Petrobras Woes Reach Europe as Slowdown Leaves Partners Hanging
7:00 PM BRT
April 1, 2015
When Italian oil services company Saipem SpA spent $300 million at the start of the decade in Brazil, it joined a long list of foreign companies jockeying for business with Petroleo Brasileiro SA. Now it’s struggling to get paid.
Saipem is one of at least five European companies that spoke about late payments, delivery delays or other difficulties in Brazil during fourth-quarter earnings calls. While day-to-day operations are functioning, Petrobras partners are also facing decision-making obstacles that are inhibiting planning, said officials at partners Galp Energia SGPS SA, BG Group Plc and Repsol SA, who asked not to be named.
It’s a stark reversal from five years ago when a wave of European and U.S. oil-services companies eagerly flocked to Brazil to build plants and set up offices. Back then, Petrobras was ramping up investments to more than $100 million a day after making the Western Hemisphere’s biggest crude finds in decades. Today, Petrobras is slashing spending as oil prices plunge and it’s all but locked out of credit markets because of a sweeping corruption scandal.
“Brazil’s a big market,” Terje Soerensen, chief executive officer of Norwegian supply-vessel operator Siem Offshore Inc., said in a telephone interview. “When that stops, it affects the entire industry.”
Siem doesn’t know if the four to six vessels it had marked for Brazilian contracts will be needed now, Soerensen said.

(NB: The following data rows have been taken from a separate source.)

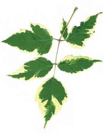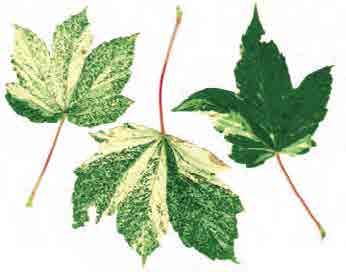 ‘Akikaze nishiki’; dobře větvený velký keř, výška 4–6 m nebo někdy více; listy jsou menší než má původní druh, nepravidelně 5–7laločné, bělopestré, občas jsou celé laloky nebo polovina čepele celá bílá
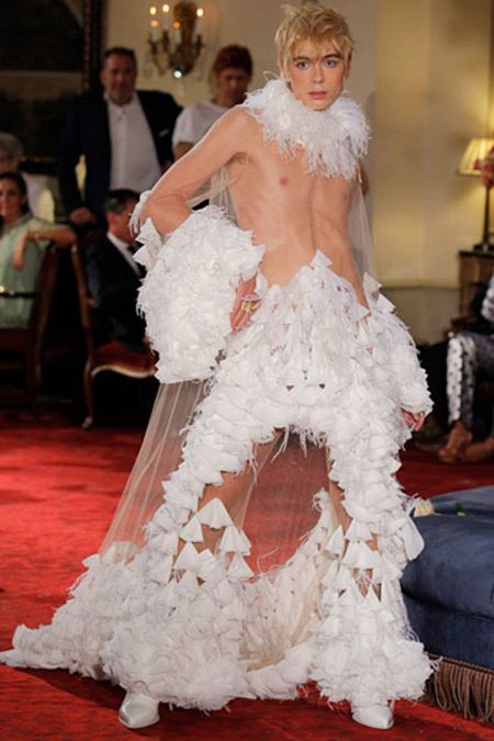 Junto a ellos se muestran prendas de cinco jóvenes creadores, entre ellos Palomo Spain, que destacan por su moda osada y sensible pero también potente, un arma imprescindible para derribar romper con barreras y tabúes.
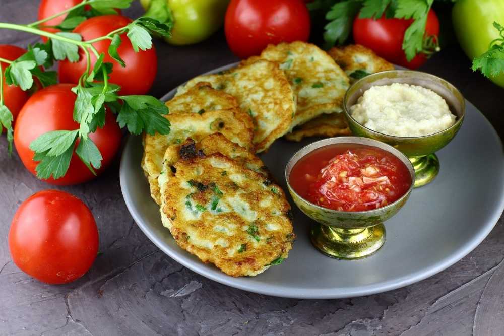 - Закусочные оладушки можно сразу подавать на стол. Они прекрасно сочетаются со сметаной, томатными соусами или красной икрой.

Saipem executives said in a Feb. 16 earnings call that some payments from Petrobras were late. Norway’s Aker Solutions ASA CEO Luis Araujo said in a March 17 interview that the company was asked to delay equipment deliveries. Vallourec SA, a French oil-pipeline maker, and Alfa Laval AB, a Swedish oil industry engineering firm, also cited a difficult business environment in February conference calls.
U.S. oilfield-service providers Halliburton Co. and Schlumberger Ltd. echoed similar concerns. Houston-based Halliburton sees activity continuing to decline in Brazil, President Jeff Miller said in a conference call earlier this year. The spending cuts Petrobras has announced will create “challenges” this year, Schlumberger CEO Paal Kibsgaard said.
A Petrobras press officer couldn’t immediately comment. Press officers for London-based BG and Madrid-based Repsol declined to comment while a Lisbon-based Galp press officer didn’t respond to an e-mailed request.
Brazil’s President Dilma Rousseff said Tuesday that Petrobras’ recovery would proceed by publishing a long-delayed audited financial statement by the end of April. In an exclusive interview in the presidential palace in Brasilia, Rousseff denied that she knew about the bribery scandal that has shaken the company she chaired from 2003 to 2010. On the same day, shares and bonds rallied as the company signed a $3.5 billion lending arrangement with China Development Bank.
The fallout for European and U.S. companies shows how far the corruption scandal has spread. In addition to cutting an investment plan that was once the global oil industry’s largest, Petrobras is also selling $13.7 billion in assets.
The state-run oil producer is grappling to assess the magnitude of losses from a scandal in which some of its executives are accused of taking kickbacks from builders in exchange for awarding inflated construction contracts. That’s delaying the release of audited financial results and in turn preventing it from selling bonds overseas.
Norway’s Odfjell Drilling Ltd. last week said it may end a partnership with Galvao Oleo & Gas SA, a unit of a Brazilian holding company Grupo Galvao, and is reviewing its operations in Brazil after the company was linked to the scandal. Galvao said in an e-mailed response that it is in negotiations with the Norwegian company to undo the partnership.
“It’s a prerequisite that it can be completed in accordance with our anti-corruption guidelines and international laws and regulations,” Odfjell spokesman Gisle Johanson said by phone on March 27. “There’s great uncertainty linked to the scope and timetable for the project.”
Uncertainty for foreign suppliers will continue while they wait for Petrobras’s new management team to review contracts and investments, said Karl-Johan Bakken, chief executive officer of Farstad Shipping ASA.
Aalesund, Norway-based Farstad, which has offices in Rio de Janeiro and builds and operates support vessels for offshore fields, gets 22 percent of its revenue from Petrobras, data compiled by Bloomberg show.
“We would appreciate that this process is completed efficiently and that we get clarification soon so the market can get back to normal,” Bakken said in a phone interview.